这里手动执行了Conv和BN融合的工作并把融合后的权重和偏置赋给DConv2d组件。

0x6. 转换ONNX以及TensorRT推理

基于量化感知训练的模型以及dequantization Pass，我们就可以获得用于推理时的nn.Module了。我们将这个nn.Module转换成ONNX然后再放到TensorRT中进行推理就可以了。这部分的示例代码在：https://github.com/Oneflow-Inc/oneflow_convert/blob/add_fx_train_quantization/examples/oneflow2onnx/quantization/test_resnet18.py。我们截取核心部分进行解释。

# 加载训练好的量化模型权重
quantization_resnet18 = quantization_aware_training(gm, flow.randn(1, 3, 32, 32).to("cuda"), qconfig)
quantization_resnet18 = quantization_resnet18.to("cuda")
quantization_resnet18.eval()
checkpoint = flow.load('/home/zhangxiaoyu/oneflow-cifar/checkpoint/epoch_11_val_acc_83.280000')
quantization_resnet18.load_state_dict(checkpoint)

# 基于量化感知训练模型改写原始模型
origin_gm: flow.fx.GraphModule = flow.fx.symbolic_trace(resnet18)
dequantization_resnet18 = dequantization_aware_training(origin_gm, gm, flow.randn(1, 3, 32, 32).to("cuda"), qconfig)
dequantization_resnet18 = dequantization_resnet18.to("cuda")
dequantization_resnet18.eval()

# nn.Graph是转ONNX的桥梁，是把OneFlow的动态图转为静态图
class ResNet18Graph(flow.nn.Graph):
    def __init__(self):
        super().__init__()
        self.m = dequantization_resnet18

    def build(self, x):
        out = self.m(x)
        return out
# 测试函数
def test_resnet():   
    resnet_graph = ResNet18Graph()
    resnet_graph._compile(flow.randn(1, 3, 32, 32).to("cuda"))
    with tempfile.TemporaryDirectory() as tmpdirname:
        flow.save(dequantization_resnet18.state_dict(), tmpdirname)
        convert_to_onnx_and_check(resnet_graph, flow_weight_dir=tmpdirname, onnx_model_path="/tmp", print_outlier=True)
        ipt_dict, onnx_res = run_onnx("/tmp/model.onnx", get_onnx_provider("cpu"))
        trt_res = run_tensorrt("/tmp/model.onnx", ipt_dict[list(ipt_dict.keys())[0]])
        compare_result(onnx_res, trt_res, atol=1e-4, print_outlier=True)

test_resnet()

首先我们使用dequantization Pass将原始模型改写成了部署时的模型，并且在这个Pass中同步处理好了权重的更改。然后我们将现在需要部署的这个模型（类型是nn.Module）通过OneFlow的nn.Graph将其转为静态图，nn.Graph的资料见：

https://docs.oneflow.org/master/basics/08_nn_graph.html。

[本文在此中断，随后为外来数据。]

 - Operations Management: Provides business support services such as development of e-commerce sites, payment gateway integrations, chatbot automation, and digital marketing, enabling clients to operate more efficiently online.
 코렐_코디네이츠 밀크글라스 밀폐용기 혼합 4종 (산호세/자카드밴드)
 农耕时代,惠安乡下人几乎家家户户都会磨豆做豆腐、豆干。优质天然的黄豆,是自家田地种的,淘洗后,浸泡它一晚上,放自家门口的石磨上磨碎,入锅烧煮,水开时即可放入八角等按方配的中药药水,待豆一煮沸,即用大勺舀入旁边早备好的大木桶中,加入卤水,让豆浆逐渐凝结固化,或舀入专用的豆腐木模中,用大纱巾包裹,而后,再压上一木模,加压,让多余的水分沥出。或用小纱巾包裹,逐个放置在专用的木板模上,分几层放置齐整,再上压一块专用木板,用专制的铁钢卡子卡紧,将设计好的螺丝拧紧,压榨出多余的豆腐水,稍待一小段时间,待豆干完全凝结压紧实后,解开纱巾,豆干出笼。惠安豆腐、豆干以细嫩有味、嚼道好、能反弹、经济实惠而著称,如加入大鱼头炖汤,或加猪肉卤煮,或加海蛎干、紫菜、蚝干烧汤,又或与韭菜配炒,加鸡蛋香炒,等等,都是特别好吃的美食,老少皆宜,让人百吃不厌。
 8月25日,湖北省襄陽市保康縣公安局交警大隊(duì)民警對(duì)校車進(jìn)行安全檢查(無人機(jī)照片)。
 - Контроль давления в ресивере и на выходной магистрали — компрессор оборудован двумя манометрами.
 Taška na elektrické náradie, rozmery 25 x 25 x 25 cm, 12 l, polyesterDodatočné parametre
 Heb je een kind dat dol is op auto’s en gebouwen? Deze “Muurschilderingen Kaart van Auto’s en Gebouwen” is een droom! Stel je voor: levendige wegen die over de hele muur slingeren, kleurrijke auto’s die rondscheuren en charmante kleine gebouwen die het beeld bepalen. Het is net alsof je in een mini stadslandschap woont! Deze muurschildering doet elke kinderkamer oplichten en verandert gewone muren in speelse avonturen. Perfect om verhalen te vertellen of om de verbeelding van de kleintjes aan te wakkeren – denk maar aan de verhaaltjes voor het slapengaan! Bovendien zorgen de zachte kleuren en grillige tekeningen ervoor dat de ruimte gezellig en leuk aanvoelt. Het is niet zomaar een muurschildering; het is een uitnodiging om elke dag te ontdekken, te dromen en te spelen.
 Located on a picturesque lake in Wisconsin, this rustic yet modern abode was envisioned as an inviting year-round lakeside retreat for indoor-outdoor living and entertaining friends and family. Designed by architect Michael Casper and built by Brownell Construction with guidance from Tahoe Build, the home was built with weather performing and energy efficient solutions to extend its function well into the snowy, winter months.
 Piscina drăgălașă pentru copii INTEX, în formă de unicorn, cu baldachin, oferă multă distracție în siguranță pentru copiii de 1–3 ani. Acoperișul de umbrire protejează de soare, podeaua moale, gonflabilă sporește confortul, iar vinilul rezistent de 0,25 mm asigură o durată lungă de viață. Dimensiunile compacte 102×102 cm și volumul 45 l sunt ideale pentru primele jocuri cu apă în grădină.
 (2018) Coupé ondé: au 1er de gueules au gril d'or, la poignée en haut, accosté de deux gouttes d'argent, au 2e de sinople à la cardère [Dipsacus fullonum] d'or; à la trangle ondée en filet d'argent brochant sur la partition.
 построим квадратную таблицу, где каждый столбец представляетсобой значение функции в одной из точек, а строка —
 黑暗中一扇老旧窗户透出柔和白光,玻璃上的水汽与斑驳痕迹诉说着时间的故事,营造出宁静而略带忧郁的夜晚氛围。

为什么要nn.Graph这一步？这是因为OneFlow的转化ONNX工具是基于静态图做的，所以额外多了这一步，如果你不想理解也没关系，上面的代码中已经展示了完整的用法了。

要使用OneFlow->ONNX的转化工具需要安装下面的包：

python>=3.5
onnx>=1.8.0
onnxruntime>=1.6.0
oneflow>=0.5.0

然后pip install oneflow_onnx

然后调用oneflow_onnx中的convert_to_onnx_and_check API将量化训练模型转化为ONNX。我们看一眼量化感知训练后的ResNet18转化成ONNX之后长什么样子吧。

ResNet18量化感知训练模型

然后我们还需要用TesnsorRT来运行这个量化感知训练模型，也要配置一些环境。我们需要安装：

onnx>=1.8.0
onnxruntime-gpu>=1.8.0
opencv-python
pytest
nvidia-tensorrt==8.0.0.3
pycuda
flake8

这些包就绪之后就可以使用TensorRT来推理了。即上面的代码：

ipt_dict, onnx_res = run_onnx("/tmp/model.onnx", get_onnx_provider("cpu"))
trt_res = run_tensorrt("/tmp/model.onnx", ipt_dict[list(ipt_dict.keys())[0]])
compare_result(onnx_res, trt_res, atol=1e-4, print_outlier=True)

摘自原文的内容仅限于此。